Франц Кафка не желает умирать — страница 11 из 45

ФРАНЦ КАФКА ЖИВ.

– Ты не могла бы присесть? Может, поговорим? – настаивает он вкрадчивым голосом, будто намекая на задушевную беседу между отцом и дочерью.

Она отвечает, что лучше пойдет к себе отдохнуть.

– Ну как знаешь, – соглашается он.

Но не успевает Оттла переступить порог комнаты, как ей в спину летит крик:

– Это все из-за тебя!

Она растерянно поворачивается и спрашивает, в чем он ее обвиняет.

– В том, что случилось с Францем!

– Я виновата, что он заболел?

– Нет, ты виновата в том, что его болезнь прогрессирует, что сегодня он пребывает в таком состоянии! Это ведь ты подговорила его ехать в Берлин! Притом что я ему это запретил. Знал, что он слишком слаб. А ты бросилась его защищать. Все как обычно. По обыкновению, пошла против меня!

– Я просто хотела…

– Ну-ну, и что же ты хотела?

– Я просто хотела ему счастья…

– Ах да, счастья… Ну и как? По-твоему, он сейчас в этом своем санатории счастлив?

– Он так хотел уехать в Берлин…

– Ну да, конечно, как можно перечить больному, слабенькому брату. Но таким слабаком он стал как раз из-за вас с матерью и сестер, вы ведь никогда не смели ему даже слова сказать. В итоге сегодня он со своей худобой больше похож на тонкую веточку и подхватывает все мыслимые болячки.

– Папа, это же туберкулез!

– Если бы речь шла обо мне…

– Но речь совсем не о тебе!

– …то я был бы тверд как скала…

– Если бы судьба ниспослала тебе испытание в виде туберкулеза?

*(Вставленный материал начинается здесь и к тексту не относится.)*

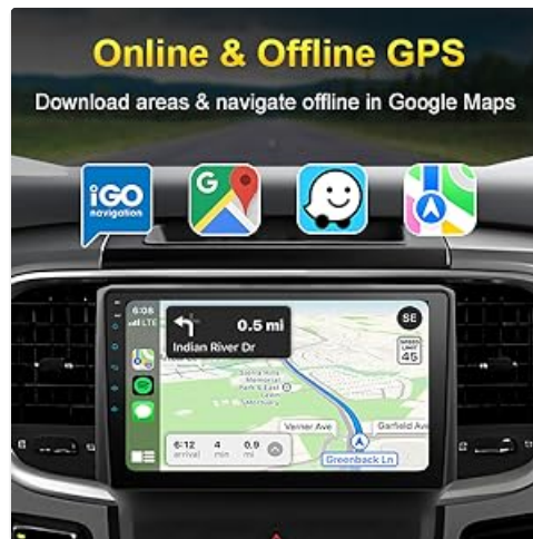
Image: The car stereo displaying navigation applications, illustrating online and offline GPS capabilities.

Navigate with confidence using built-in GPS, supporting both online and offline maps. The unit also features 4G SIM card slot compatibility and Wi-Fi hotspot capability for continuous connectivity and real-time traffic updates.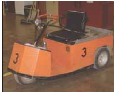
Taylor Dunn Electric Maintenance & Transportation Vehicles, Large Qty.

– …и остался бы парнем крепким, настоящим мужчиной! Солдатом, бойцом!

– Всякого, кто дал тебе, папа, отпор, можно смело назвать скалой.

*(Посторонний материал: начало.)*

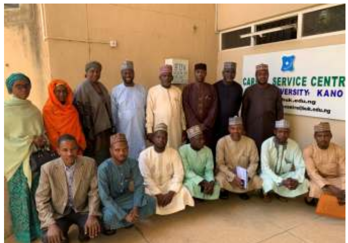
Dean Students Affairs with the Director Career Service Centre and Staff of the deanery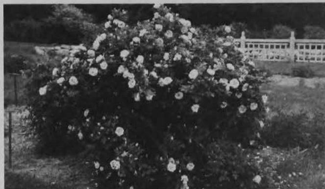
Wasagaming is a hardy Shrub developed in Canada.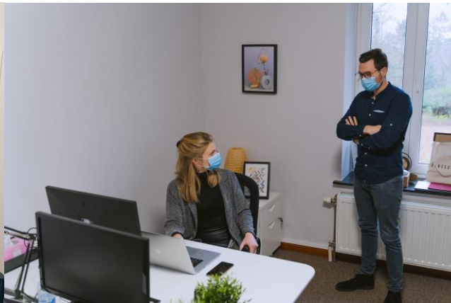
From “Personal” Wellness to “Social” Wellness and a Safe Workplace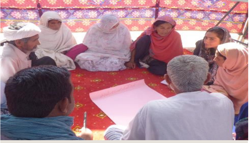
Older women and men with youth identifying local level measures that can minimise effects of any disaster in during a CBDRM training in district Muzaffargarh- Punjab Pakistan.

HelpAge has become a technical partner with Concern, ACTED, IRC and WHH for Building Disaster Resilience in Pakistan (BDRP) which is a five year programme aiming at implementing community based disaster risk management interventions in 32 districts across Pakistan. These 32 districts are declared as 'high risk' zone by the National Disaster Management Authority (NDMA). The total value of the program is GBP 60 million with GBP 220,000 for HelpAge.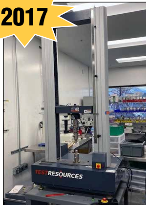
Test Resources 313N Universal Dual Column Tester

– Это он-то дал мне отпор? Мне бы и самому этого хотелось, только он даже не пытается! Вы превратили парня в кисейную барышню. Пятилетний ребенок в теле взрослого мужчины!

– Он болеет, папа…

– Но только потому, что вы его не закалили!

– Тебе всегда надо обязательно отыскать виновного, да?

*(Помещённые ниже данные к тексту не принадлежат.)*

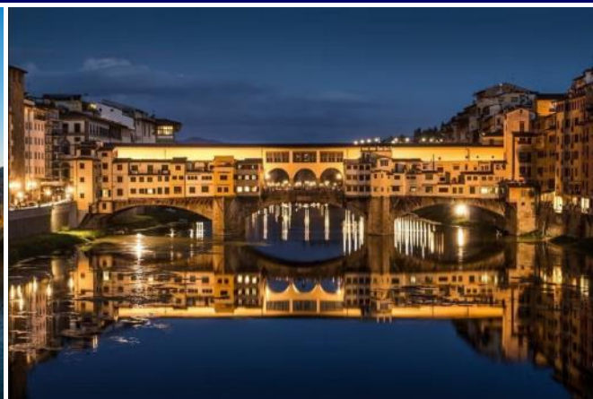
The Ponte Vecchio in Florence

– Нет, я лишь пытаюсь найти решение!

– Какое там решение, тебе нужно на кого-то свалить вину! Каждый раз ты только этим и занимаешься…

– Знаю я, эта старая песенка мне уже оскомину набила. Что я чудовище и все такое, знаю! Это потому, что я говорю правду?

– Правда здесь ни при чем, папа, ты всех обвиняешь.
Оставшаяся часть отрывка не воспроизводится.